Exercise directions:
Every line below must be reproduced exactly; no pictures are to be included.

Supplied material:
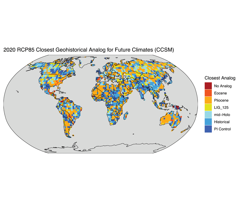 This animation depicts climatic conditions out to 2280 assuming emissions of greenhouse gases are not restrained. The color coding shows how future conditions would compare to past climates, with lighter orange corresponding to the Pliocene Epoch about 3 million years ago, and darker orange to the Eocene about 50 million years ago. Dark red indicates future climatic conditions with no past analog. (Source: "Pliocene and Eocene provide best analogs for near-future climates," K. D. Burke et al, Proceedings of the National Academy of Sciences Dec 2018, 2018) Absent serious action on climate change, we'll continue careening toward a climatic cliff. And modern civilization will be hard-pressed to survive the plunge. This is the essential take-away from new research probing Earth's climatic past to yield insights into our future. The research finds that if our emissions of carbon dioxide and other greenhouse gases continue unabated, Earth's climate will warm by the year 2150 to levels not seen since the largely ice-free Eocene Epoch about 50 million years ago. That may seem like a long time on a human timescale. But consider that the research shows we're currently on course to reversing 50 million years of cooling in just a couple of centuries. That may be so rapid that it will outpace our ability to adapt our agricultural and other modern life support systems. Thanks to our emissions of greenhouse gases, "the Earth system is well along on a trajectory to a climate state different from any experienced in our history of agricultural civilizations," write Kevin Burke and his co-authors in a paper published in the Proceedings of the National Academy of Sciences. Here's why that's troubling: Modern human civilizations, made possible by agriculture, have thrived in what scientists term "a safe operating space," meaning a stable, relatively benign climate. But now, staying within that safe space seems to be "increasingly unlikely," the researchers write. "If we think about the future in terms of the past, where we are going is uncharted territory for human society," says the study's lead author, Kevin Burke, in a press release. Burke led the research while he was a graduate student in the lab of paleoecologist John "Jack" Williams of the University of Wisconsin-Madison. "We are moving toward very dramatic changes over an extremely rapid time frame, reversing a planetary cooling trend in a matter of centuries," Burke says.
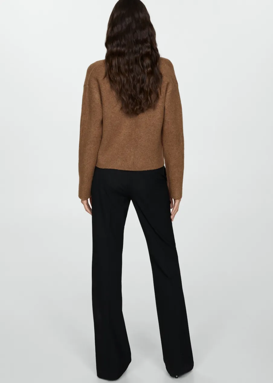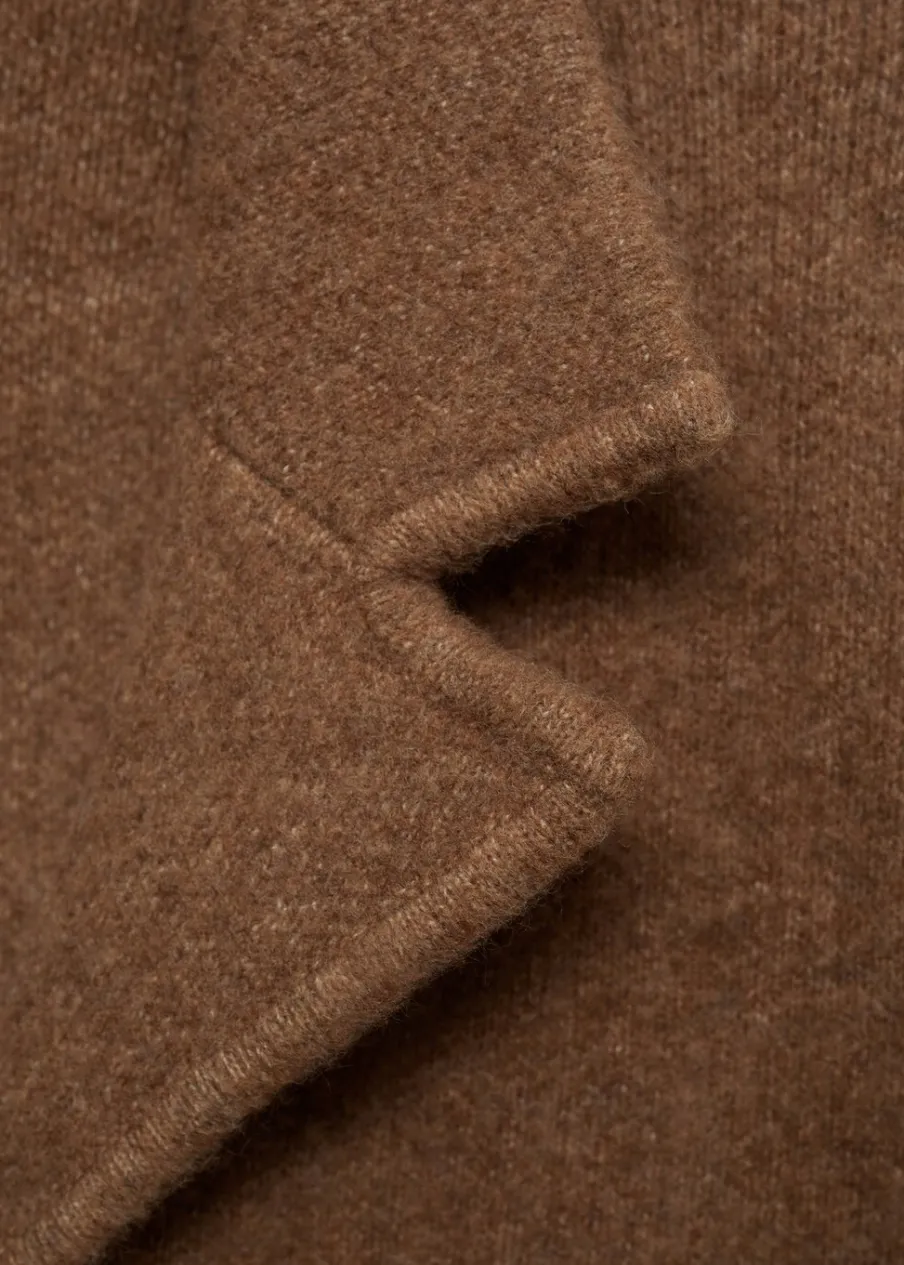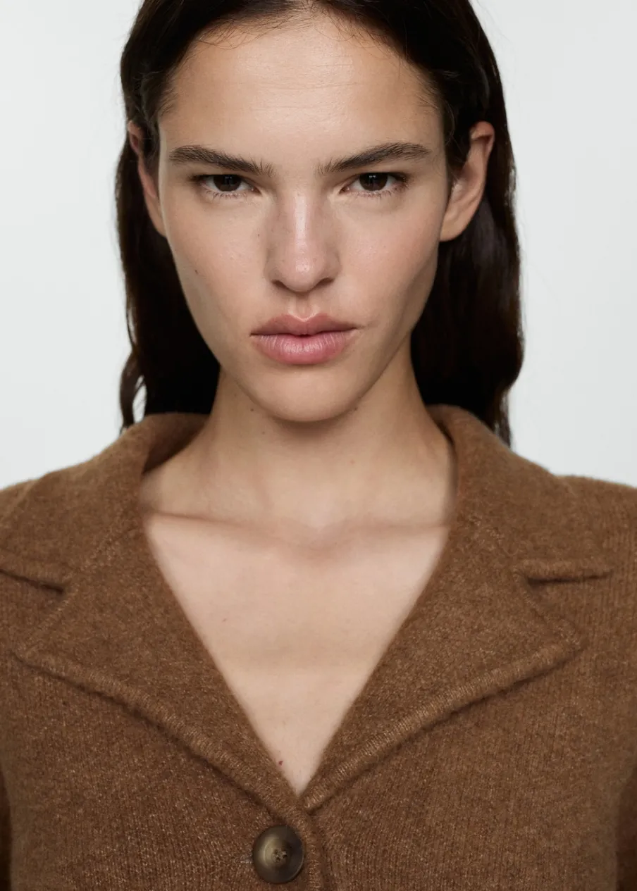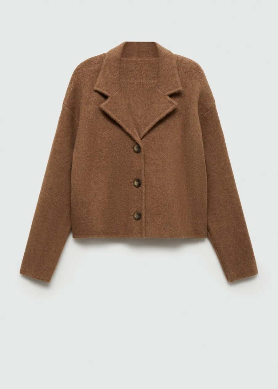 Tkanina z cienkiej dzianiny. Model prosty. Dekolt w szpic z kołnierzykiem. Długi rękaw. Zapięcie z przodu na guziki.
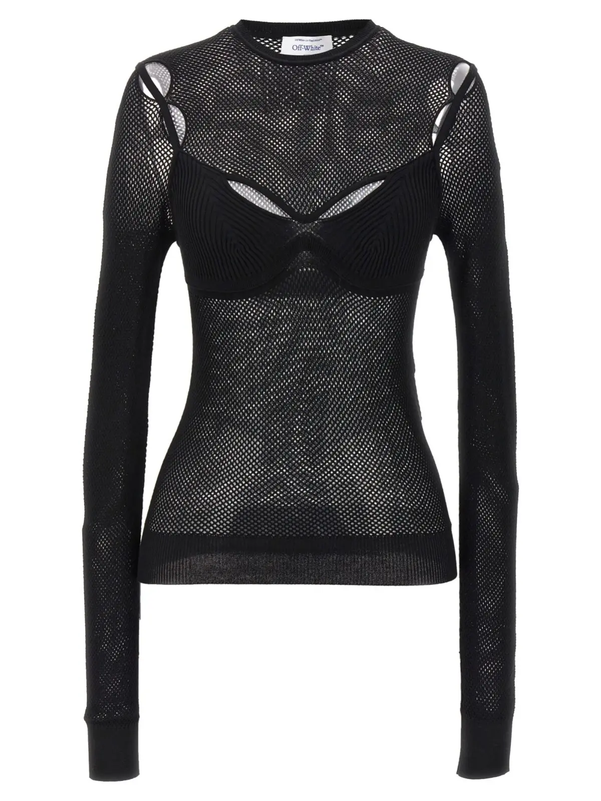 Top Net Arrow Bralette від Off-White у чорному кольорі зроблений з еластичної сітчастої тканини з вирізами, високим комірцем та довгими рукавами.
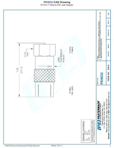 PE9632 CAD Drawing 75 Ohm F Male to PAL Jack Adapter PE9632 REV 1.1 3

Response to this task:
 This animation depicts climatic conditions out to 2280 assuming emissions of greenhouse gases are not restrained. The color coding shows how future conditions would compare to past climates, with lighter orange corresponding to the Pliocene Epoch about 3 million years ago, and darker orange to the Eocene about 50 million years ago. Dark red indicates future climatic conditions with no past analog. (Source: "Pliocene and Eocene provide best analogs for near-future climates," K. D. Burke et al, Proceedings of the National Academy of Sciences Dec 2018, 2018) Absent serious action on climate change, we'll continue careening toward a climatic cliff. And modern civilization will be hard-pressed to survive the plunge. This is the essential take-away from new research probing Earth's climatic past to yield insights into our future. The research finds that if our emissions of carbon dioxide and other greenhouse gases continue unabated, Earth's climate will warm by the year 2150 to levels not seen since the largely ice-free Eocene Epoch about 50 million years ago. That may seem like a long time on a human timescale. But consider that the research shows we're currently on course to reversing 50 million years of cooling in just a couple of centuries. That may be so rapid that it will outpace our ability to adapt our agricultural and other modern life support systems. Thanks to our emissions of greenhouse gases, "the Earth system is well along on a trajectory to a climate state different from any experienced in our history of agricultural civilizations," write Kevin Burke and his co-authors in a paper published in the Proceedings of the National Academy of Sciences. Here's why that's troubling: Modern human civilizations, made possible by agriculture, have thrived in what scientists term "a safe operating space," meaning a stable, relatively benign climate. But now, staying within that safe space seems to be "increasingly unlikely," the researchers write. "If we think about the future in terms of the past, where we are going is uncharted territory for human society," says the study's lead author, Kevin Burke, in a press release. Burke led the research while he was a graduate student in the lab of paleoecologist John "Jack" Williams of the University of Wisconsin-Madison. "We are moving toward very dramatic changes over an extremely rapid time frame, reversing a planetary cooling trend in a matter of centuries," Burke says.
 Tkanina z cienkiej dzianiny. Model prosty. Dekolt w szpic z kołnierzykiem. Długi rękaw. Zapięcie z przodu na guziki.
 Top Net Arrow Bralette від Off-White у чорному кольорі зроблений з еластичної сітчастої тканини з вирізами, високим комірцем та довгими рукавами.
 PE9632 CAD Drawing 75 Ohm F Male to PAL Jack Adapter PE9632 REV 1.1 3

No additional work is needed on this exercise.